It is Friday morning.... the start of my three day weekend. I'm sitting on my bed sipping a cup of tea, with Scout my cat right beside me, close, snuggling. Scout only has one little marble in his brain, not sa much smart, but he is adorable.. and Zoe my sweet weensie little cat - aka The Boss. She is pretending not to care whether I pet her or not. To my right, is August, my yellow lab who is finally able to relax knowing I'm really, really going to be home today. Aaaand... at the foot of the bed is Beatrice our border collie- aka Little Miss Can't Be Wrong. She is S.M.A.R.T. and knows where we keep the T.R.E.A.T.S. Secretly she unlocks the cupboard where they are and hands them out to the other animals during the day... I'm sure of it. They probably have to perform tricks for her... Anyway>>>It is such a beautiful morning and I here I sit, listening to the sounds of the neighborhood waking up. Birds are chirping, dogs barking in the distance, laughter from the church camp that is a block from our home. Life is indeed good. I have so many choices for my day... do I want to bake bread? Plant flowers? putter in my flower garden? Me thinks I will do it all... and so much more. I feel so alive. Happy Happy Friday.
Yea, well, so last night Will and Dave were volunteering for a service organizataion that Dave belongs to, which meant that I had the evening to myself. After work I dashed to the gym and arrived home a little after 6:00 p.m.
So, did I go meet my girlfriends for a glass of wine? Did I pick up a book, pour a glass of wine and sit in my glorious back yard? Diiiid I sit in my hot tub?
I cleaned out my fridge. From.Top.To. Bottom. and now? It is like a piece of art work.
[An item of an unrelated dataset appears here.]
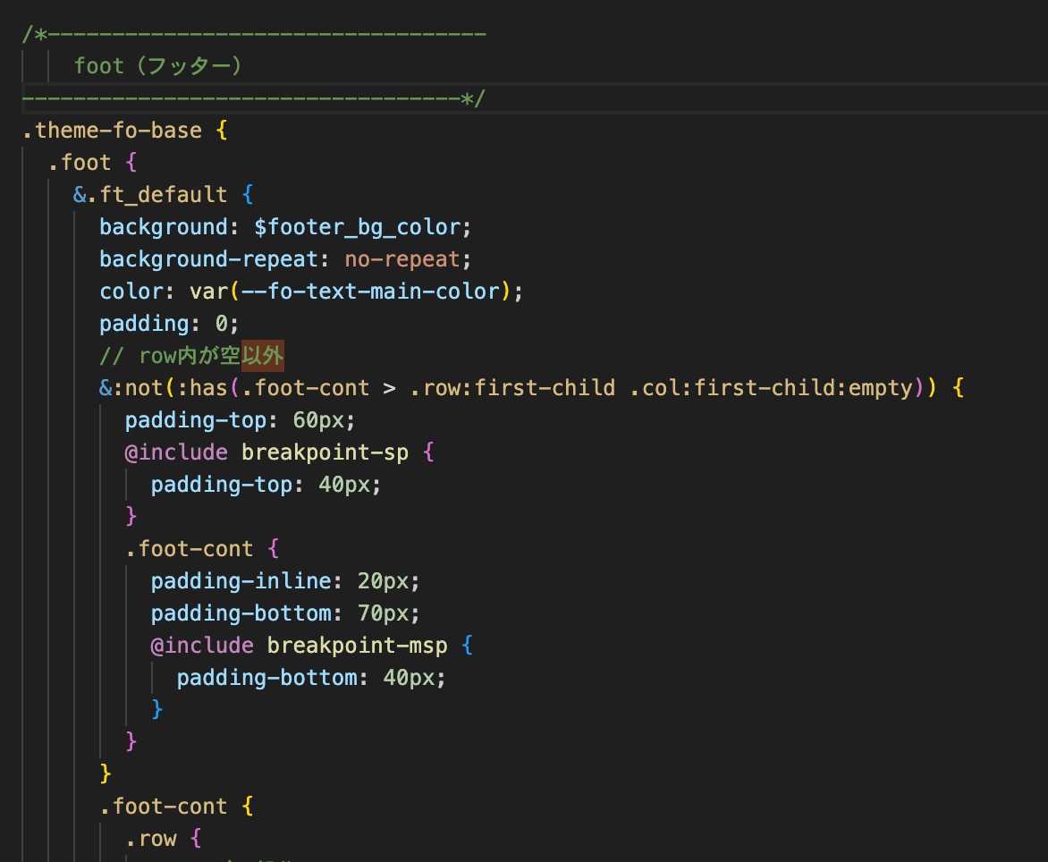 フッターのサイトマップ(リンクリスト等)を使わない運用(copyrightのみの運用)がされ、無駄な余白がでてしまうので、空の場合の記述を追加。(編集画面では余白は維持されてます)

TRAIN WRECK Okay, Let me tell you about my hell - I belong to a service organization and I'm on the scholarship committee. The last time I spoke in public… on a stage…in front of 200 people was… um… in 19.... NEVER. I was miserable tonight. I had to present a “special” scholarship for a very deserving Senior at our local high school. He is in NHS, Captain of the Varsity Baseball team, and just a all around great kid. I was doing great, chatting it up with the other members of the scholarship committee, planning our strategy and then while on stage waiting to present, I was still feeling fine... riiiight up until I reached the podium. I think I blacked out. My body started to sweat, I had rivers of sweat running down my back, I thought to myself.. no I'm not going to pass out... I'm going to THROW UP. THEN? THEN? my voice revolted against my brain and started shaking so hard, it sounded like I was going to cry. I’m sure it went something like this:
Thisisaspecialshcolarshiptoanincredible individual…yadayadayada shaky voice… apology… clearing of throat…something or another about his academics and sports…(wiping sweat from my forehead) has a good heart…honored on behalf of K****** topresentthisaward to Travis S.
I can only imagine him sitting in his seat… and when I called out his name.. he was thinking.. Good Lord... why me… I have to go up and accept a scholarship from EMO GIRL? It took him what seemed like a lifetime to get to the stage, he hugged me and I seriously contemplated holding on to him, following him off the stage and dashing to my car. I was still in a full blown sweat and thought I was going to pass out. Might I mention that my hair was soaking wet from sweat and sweat was showing thru my shirt? Huh? Huh? How bout them apples? Oh... and I had to hand out 8 more scholarships after that. (Another side note to this... My boss was in the audience).
The only other scenarios that would have made it remotely worse would be if I had had a wardrobe malfunction, or if I had actully thrown up, passed out and peed on the way down.